A Time to Break Down Doors – A Time to Wait by Dr. Elliot Prager

(2016/5777)

The story is told of the Skierniewice Rebbe who was asked by one of the town’s wealthy Gevirim to speak with his daughter who had run away to a local convent with the intent of converting to Catholicism. The Rebbe immediately set out for the convent but was denied entry. He then wrote and had delivered a letter to the young woman, informing her that he would wait for two days on the corner opposite the convent, seeking only to speak with her. If by midnight of the second day she did not appear, he would understand that she had no interest in meeting with him and he would return home. And so, midnight of the second day came and went and the woman did not appear. The Rebbe decided that he would remain on the corner a third day and night. Shortly after midnight on the third day the Gevir’s daughter emerged from the convent, crossed the street and spoke at length with the Skierniewice Rebbe. She returned to the convent that night, but not for long. Several months later, the Gevir paid a personal visit to the Rebbe to inform him that his daughter was engaged to one of the finest young Torah scholars in town.

At the wedding celebration, the Rebbe went over to the Kallah and asked her a question that had preoccupied his mind since their fateful meeting on the street corner: “If you remember, I had written a note to you that I would wait for two days and nights across from the convent and that I would abandon the street corner if you didn’t show up by midnight of the second night.
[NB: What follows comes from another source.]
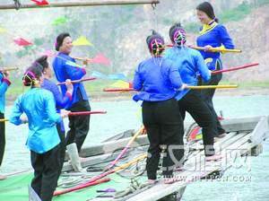 九时,迎亲的两条渔船前往新娘家迎娶。一离开码头,铜锣开响,鼓声阵阵,两条船船舷边上的渔女们就手持长竿,模仿起划桨的动作,和着节拍,跳起了欢快的“划桨舞”。以前人们是划着船去迎亲的,现在渔民用上了现代化的渔船,不再划船桨了,渔民们就把划桨动作演变成了舞蹈,用这种方式来保存久远的记忆。

What made you think that I would still be waiting for you a third night?” Without hesitation, the Kallah replied: “Knowing you as I do, Rebbe, I knew that you would never give up waiting for me.”

As a number of Midrashim emphasize, Hashem intentionally chooses to destroy the world with the flood, since it takes time for the rain to develop into a catastrophic deluge and perhaps, in the time that it takes for nature to fulfill Hashem’s plan, mankind would see that this was no empty threat and they would be motivated to do Teshuvah. Yet, Noach has no interest in the lives of those beyond his immediate family. Just as the Dor HaHaflagah is driven only by their concern for the needs of the larger society, so Noach has no faith or hope that those around him are capable of changing their ways and thus he can focus only on the individual – himself and his family.

In the age of nanoseconds, we have lost the ability to wait. Whether it’s waiting 15 seconds to get onto the internet or tolerating delayed gratification of something we desire, we live in a world in which we’ve come to expect immediate responses, immediate solutions to problems, instant gratification, quick remedies and quick fixes. Our patience for “answers” is measured not in days, months or years, but in the length of a sound bite.

Judaism dictates moments and circumstances when we must act, and act quickly: we cannot stand by in the face of evil and injustice; we cannot stand by and wait helpless when there is a world that requires Tikkun; we cannot wait when we have it in our power to take history into our hands and move the process of redemption one step closer. The waters of Yam Suf, the Midrash tells us, did not part until Nachshon ben Aminadav jumped in. And, while Noach waits patiently (or fearfully) for Hashem to instruct him to leave the ark, the Midrash Tanchuma quotes Rabi Yehudah bar Ilai’s daring statement: “If I had been there I would have broken down the door and taken myself out.” How prescient that statement is in light of the 19th century Zionist movement’s bid to reclaim control over Jewish destiny and their impatience with waiting in Galut.

But our tradition also teaches us to wait and never to abandon hope: “Ki Mechakim Anachnu Lach” “We are waiting for You,” Ashkenazic Jews recite in the Shabbat and Yom Tov Shacharit Kedushah. And have we not continued to say throughout the generations and long nights of Jewish history, “..... VeAf Al Pi SheYitma’meiha, Im Kol Zeh Achakeh Lo?” Is not our God a “Keil Erech Apayim,” “a God slow to anger” who wants only for us to return to Him?

In our world of instant everything, we make snap judgments of others, we are impatient for change in others and despair of immediate transformations, often in those we love and care about most. We give up all too quickly on our children, on our spouses, on our friends, on our leaders. The art of Teshuvah is not only the ability, willingness, readiness to admit to others our shortcomings; it is not only having the inner strength to ask others for forgiveness. It is about the ability to refuse to abandon the street corner and the ability to hold fast to the hope and faith that those who have in one way or another disappointed us or who fall short of our ideals and expectations will eventually reunite with us on that corner.